2012-03-05 Thread David Kastrup


Hi,

with the stable release 2.16 of LilyPond looming around the corner, it
will become imminent soon to think about supporting Guile 2.0.

Previous attempts have mostly exploded around the problem that we have
something like

(for-each ly:load init-scheme-files)

in our lily.scm file, and the auto-compiler attempts to compile all of
those files independently as far as I understand.  Unfortunately, some
of them contain macro definitions that other files rely on.

Personally, I think it would make sense if we could get the autocompiler
to treat the whole blob of files as _one_ unit, and recompile the unit
if it gets out of date.  That would save us from trying to factor out
macro dependencies into separate files (and since our markup system
defines a macro for every markup function, and since the macros are
needed when building markups in Scheme, this is actually rather hard to
do).  You might say that it is LilyPond's own fault that it has reverted
a bit more to macro programming than feasible for its own good.

I would not actually say that you are wrong.  However, there is the
problem of lifting a whole bunch of working code base under active
development into the Guilev2 era, and if we could tackle design or
maldesign questions mostly independently and in bite-sized chunks rather
than humongous patches moving material around, this would help a lot in
getting Guilev2 support on track.

Suggestions?

-- 
David Kastrup

Re: Autocompilation/LilyPond

2012-03-05 Thread Mark H Weaver

David Kastrup  writes:

> with the stable release 2.16 of LilyPond looming around the corner, it
> will become imminent soon to think about supporting Guile 2.0.
>
> Previous attempts have mostly exploded around the problem that we have
> something like
>
> (for-each ly:load init-scheme-files)
>
> in our lily.scm file, and the auto-compiler attempts to compile all of
> those files independently as far as I understand.  Unfortunately, some
> of them contain macro definitions that other files rely on.
>
> Personally, I think it would make sense if we could get the autocompiler
> to treat the whole blob of files as _one_ unit, and recompile the unit
> if it gets out of date.

I'm not sure that would help much.  There's a deeper problem that you
should be aware of.  In Guile 1.x, macro uses within procedures are not
expanded until the procedure is evaluated.  In Guile 2, macros are
expanded as soon as the procedure is defined, even if compilation is
turned off.  This means that functions can only use macros that were
previously defined.

For example, the following works in Guile 1.8 but not in Guile 2:

  (define (foo x) (bar x))
  (define-macro (bar x) `(quote ,x))

In Guile 2, you must put the definition of 'bar' before 'foo'.

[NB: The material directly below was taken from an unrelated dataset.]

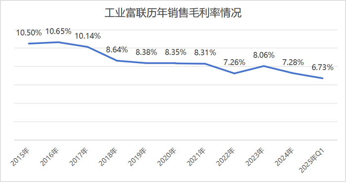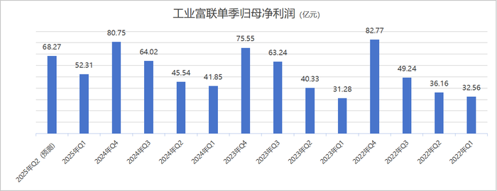 首先,云计算业务上升为第一大业务。 此前,云计算业务占比在四成左右。随着AI需求的爆发,公司云计算业务在2024年大增超60%至3,193.77亿元,业务占比一举超过半壁江山,来到了52.43%。 今年上半年,云计算业务继续高增。“公司云计算业务在二季度实现高速增长,整体板块营业收入较去年同期增长超过50%。”工业富联表示。 界面新闻记者由此推断,云计算业务于公司营收的占比还在继续上升。 这一业务的增加主要原因在于,产品结构优化,产品量产加速爬坡,客户对AI数据中心Hyper-scale AI机柜产品需求不断增加。 具体产品上,AI服务器营业收入同比增长超过60%,云服务商服务器营业收入同比增长超过1.5倍。 这两项高增产品增速与去年表现相比又有差异。去年AI服务器营业收入增速为超150%,云服务商服务器营业收入增速为超80%。 “先进AI算力的GPU模块及GPU算力板等产品的出货,在第二季实现显著增长。”工业富联指出。 其次,通信及移动网络设备出现新增长点。 这一业务在去年表现平平,营收增幅只有3.20%,营收占比从过往的58%左右降至47%左右。 业绩预告中,工业富联用“稳健增长”来形容通信及移动网络设备业务今年上半年的表现,可见增速依然不及云计算业务。不过,二季度出现新亮点。 高速交换机方面,去年工业富联800G交换机今年上半年爆发式增长,仅二季度单季的营业收入便达到了2024全年的3倍。这一产品去年才陆续开始出货。 800G交换机的需求由AI大模型训练需求增长而来。市场对算力基础设施网络带宽与传输速率的需求快速提升,数据流量的增长使得交换器市场从100G/200G过渡到400G/800G的产品,后续还将迈向1.6T产品。 根据第三方机构Dell'Oro Group预测,2025年800G交换机端口将有望超越400G成为主流配置。 存货、现金流、毛利率三大警报拉响 界面新闻注意到,在优秀业绩的背后,工业富联有几大风险值得投资者注意。 首先,存货激增埋下隐患。 在公司主营业务高速增长的同时,存货同步上升存在其合理性,不过工业富联今年存货上升的速度过快。 截至2023年末,工业富联存货为766.83亿元,2024年末为852.66亿元,一年才上升不到90亿元。但到2025年一季度末,公司存货大幅上升至1,199.77亿元,较上年末增加347.11亿元,增幅超过40%。 若存货未能及时消化,或一定程度上影响公司的现金流表现。 ![]() 工业富联近年存货情况(亿元) 制图:界面新闻记者 其次,经营性现金流骤降。 今年一季度业绩已是工业富联史上同期最佳表现,一季度归母净利润首次超过50亿元。但现金流表现却不达预期,一季度经营活动产生的现金流量净额只有12.99亿元,2023年和2024年同期为208.44亿元和52.05亿元。 二季度这一指标会否改善,值得关注。 再次,销售毛利率跌破7%创新低。 在营收规模不断扩大的同时,工业富联也面临着激烈竞争,销售毛利率逐年下滑趋势十分明显。 尤其是2025年一季度,公司销售毛利率已下破7%,到6.73%,为上市以来新低。二季度公司销售毛利率能否止跌呢? 就中高端产品出货率上升后,毛利率水平是否改善一事,界面新闻向工业富联提问,相关人士未有回应。 ![]() 工业富联历年销售毛利率表现 制图:界面新闻记者 此外,客户集中度过高,也或将成为公司的一大隐患。 工业富联下游行业的市场集中度高,直接导致公司客户集中度高。在2024年,公司前五大客户的营收占比高达65.19%。 今年这一趋势未有缓解。工业富联在业绩预告公告中提到,“公司在主要客户中的市场份额持续提升”。 这种份额的提升是一把双刃剑,客户业绩高增时可同步成长;若未来主要客户需求下降,或在竞争之下订单流失,或将直接影响公司业绩表现。 需求“3-5年内强度不会减弱” 高增长过后,工业富联下半年业绩会趋势延续吗?这与市场需求和自身的产能供给两大因素相关。 行业需求方面,自聚焦AI以来,工业富联的业绩便与AI行业的发展绑定。自2024年下半年开始,云计算巨头加大云和AI基础设施投资力度。全球前四大云服务商公布的2025年预计资本支出已超过3,200亿美元,同比皆有两位数以上增长。 微软预期2025财年投入总计800亿美元用于AI基础设施,目标在2026年前将AI训练算力提升5倍;谷歌预计2025年将投资约750亿美元的资本支出;亚马逊预计2025年资本支出约为1050亿美元,其中大部分将用于人工智能和数据中心支出。 在日前的业绩说明会上,工业富联董事长、总经理郑弘孟表示,中美云厂商仍在激烈的竞争中全力布局,参与“算力竞赛”。云厂商的CAPEX(资本支出)必然会保持一定的强度和持续性的增长,其断言“预计未来3-5年内强度不会减弱”。 郑弘孟还透露,从客户订单能见度及需求来看,“全年订单增长十分强劲”。 根据市场研究机构IDC预测,全球生成式AI市场规模预计从2023年的150亿美元增长到2027年的1,500亿美元,年复合增长率超过86%。 因此,AI发展土壤未发生变化的前提下,工业富联年内的增长或有保证。 产能方面,工业富联能否跟上日益增长的市场需求呢? “公司全球化产能布局完善,在中国大陆、美国、墨西哥、欧洲等多个国家地区有布局。”郑弘孟表示。 工业富联在中国大陆的投资占比最高,在深圳、郑州、杭州、赣州、绍兴等地都有布局。 在建产能主要以云计算为主。2024年年报显示,工业富联期末在建余额31.73亿元,较期初增加了6.65亿元。增加的部分主要在云计算业务,其在建公司由10.62亿元

So you'll need to load your code in the right order so that macros
always come before their uses.

One clarification is in order.  You might conclude from this that it is
not possible to define mutually-recursive macros, but that's not true.
For example, the following is fine:

(define-macro (beep x) `(boop ,x))
(define-macro (boop x) `(quote ,x))

That's because 'beep' doesn't use 'boop', it merely produces a use of
'boop' in its expansion.  'boop' is merely part of a quoted literal
within 'beep'.

   Regards,
 Mark

Re: Autocompilation/LilyPond

2012-03-05 Thread David Kastrup

Mark H Weaver  writes:

> David Kastrup  writes:
>
>> with the stable release 2.16 of LilyPond looming around the corner, it
>> will become imminent soon to think about supporting Guile 2.0.
>>
>> Previous attempts have mostly exploded around the problem that we have
>> something like
>>
>> (for-each ly:load init-scheme-files)
>>
>> in our lily.scm file, and the auto-compiler attempts to compile all
>> of those files independently as far as I understand.  Unfortunately,
>> some of them contain macro definitions that other files rely on.
>>
>> Personally, I think it would make sense if we could get the
>> autocompiler to treat the whole blob of files as _one_ unit, and
>> recompile the unit if it gets out of date.
>
> I'm not sure that would help much.  There's a deeper problem that you
> should be aware of.  In Guile 1.x, macro uses within procedures are
> not expanded until the procedure is evaluated.  In Guile 2, macros are
> expanded as soon as the procedure is defined, even if compilation is
> turned off.  This means that functions can only use macros that were
> previously defined.

I don't think that making this condition hold would be really hard.
LilyPond has a rather carefully selected load order in several stages,
so use-before-definition, whether in the context of macros or not,
should be more the exception than the rule, and only require smaller
rearrangements.

> One clarification is in order.  You might conclude from this that it
> is not possible to define mutually-recursive macros, but that's not
> true.

I don't think we use them, anyway.  Most problems are more due to small
oversights rather than maliciously clever overdesign.

-- 
David Kastrup

[PATCH] Efficient Gensym Hack

2012-03-05 Thread Mark H Weaver

Hello all,

Here's an implementation of the efficient gensym hack for stable-2.0.
It makes 'gensym' about 4.7 times faster on my Yeeloong.  Gensyms are
not given names or even numbers until they are asked for their names or
hash values (for 'equal?' hash tables only).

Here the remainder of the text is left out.